Официантки — студентки английского отделения, добровольно вызвавшиеся обслуживать сегодня американскую труппу, — скромно отказывались танцевать.
— Да плюнь, киска, — воззвал кто-то к одной из них, — давай возьмем и расплавим этот их занавес.
Водка, пособница праздничной атмосферы, постепенно растопила сдержанность представителей Министерства культуры. Каждый из них получил от труппы подарки, и мисс Лидия, которой досталась пудреница, целовала всех без разбора.
— Как мило, как любезно, — говорила она, неустанно созерцая в зеркальце свое одутловатое лицо.
Даже угрюмый Савченко, холодный как лед Санта-Клаус, или Дед Мороз, как его называют в России, казалось, готов был забыть о своем достоинстве, — во всяком случае не протестовал, когда к нему на колени плюхнулась юная хористка и стала целовать, приговаривая:
— Ну что ты глядишь сварливым старым медведем?

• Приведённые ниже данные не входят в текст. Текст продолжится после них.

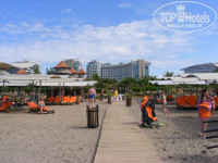 3) Пляж: песок, заход в море - небольшая полоска мелкой гальки. Вход в море постепенный, очень удобный. Детям много места для купания. Сам пляж достаточно чистый, но песок с граблями не проходят - только ровняют. Поэтому кое где все же попадаются бычки от сигарет и трубочки от коктейлей. Иногда, простите, кошачьи какашки. Шезлонгов сначала хватало, но когда отель заполнился полностью - перестало хватать. Я на отдыхе всегда встаю рано, а так как у нас компания 12 человек, то мы с подругой ходили в 6 утра, занимали нужное количество шезлонгов, купались сначала в море, потом в теплом бассейне и шли на завтрак. Когда граждане подтягивались к 9-10 утра на пляж - все шезлонги уже были заняты. Полотенца пляжные чистые, иногда не новые, но это не напрягает. Полотенца не воруют!!! Их сами отдыхающие бросают на пляже, в кабинках для переодевания, у бассейнов. Грязные, сырые, а утром (сама наблюдала) уборщики ходят и собирают эти грязные полотенца и относят их в стирку. Так что нечего кричать, что украли полотенца - не забывайте. А если сами потеряли - нечего тырить их у других.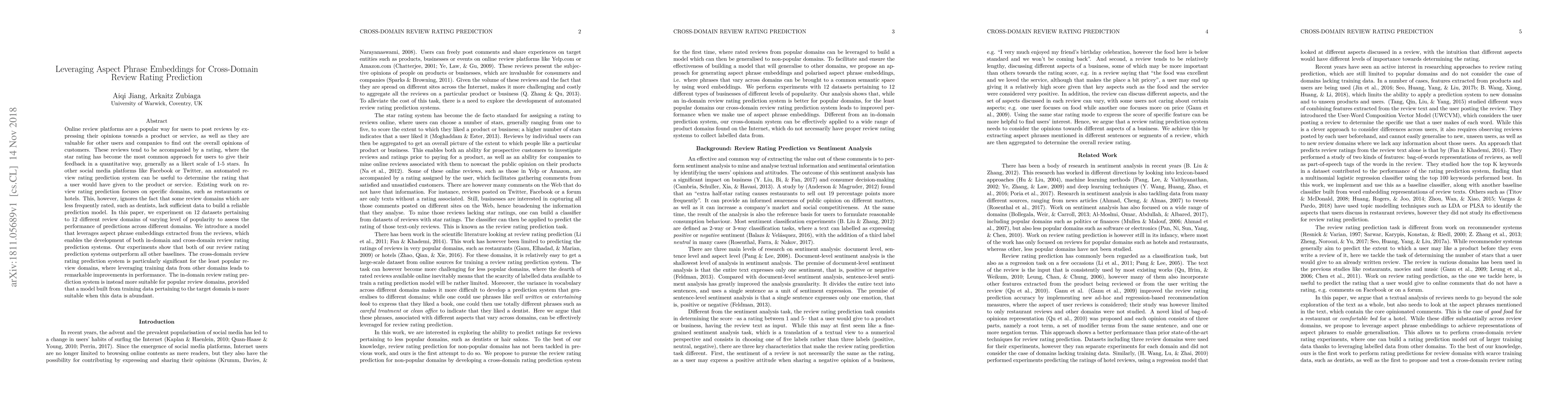 This paper proposes a model using aspect phrase embeddings to improve both in-domain and cross-domain review rating predictions across 12 diverse review domains. The cross-domain system notably enhances performance for less popular domains by leveraging data from other domains, while the in-domain system is more effective for popular domains with abundant data.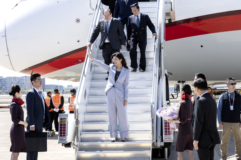 鄭麗文率領國民黨大陸訪問團今日上午搭乘上海航空FM852航班,11時30分由松山機場起飛,約下午1時15分抵達上海虹橋機場。睽違十年後再次有國民黨主席到訪中國大陸,陸方特別禮遇,航機滑行至停機坪後開機門下機,現場並有歡迎群眾獻花。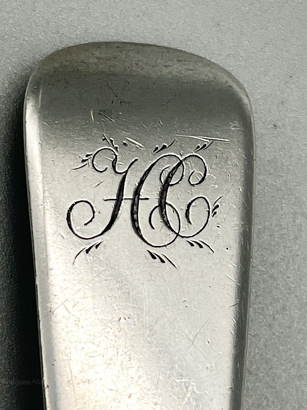 The table spoon was made by silversmith William Hope and assayed in Exeter in 1825. William Hope was based in Plymouth Dock in Devon. He was a specialist spoon maker who was active between around 1816 and the early 1830s and sent his items to Exeter to be hallmarked as this was the assay office for the whole of South West England until its closure in 1883.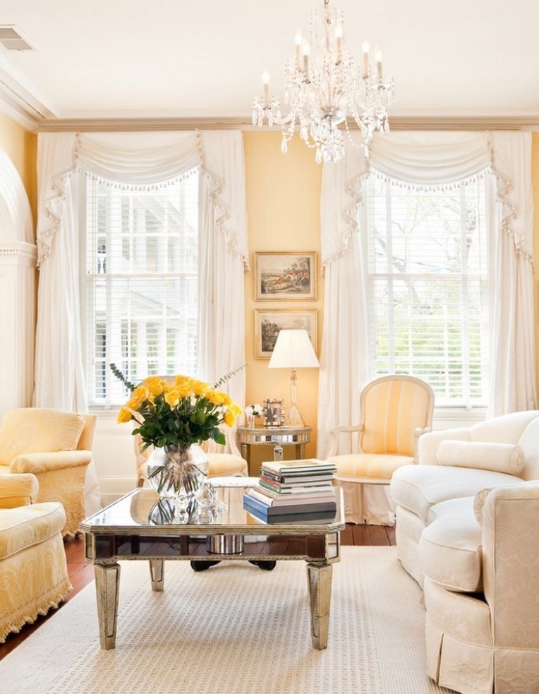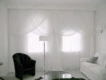 - Monochromatic white curtains are a sign of excellent taste and grace, because they are perfectly combined with any interior and color of furniture, and also give the living room a festive look.

Ты же просто душка, вот ты кто, мистер Савченко!
Брин тоже нашел слова симпатии для начальника из Министерства культуры.
— Выпьем за человека, которого мы должны благодарить за прекрасный праздник, — сказал он, воздев к небу стопку водки, — за нашего лучшего друга, Николая Савченко.
На что Савченко, утерев с губ помаду, ответил тостом:
— За свободный культурный обмен между нашими странами. Когда говорят пушки, музы молчат, — в сотый раз процитировал он свой любимый афоризм. — Когда молчат пушки, музы слышны.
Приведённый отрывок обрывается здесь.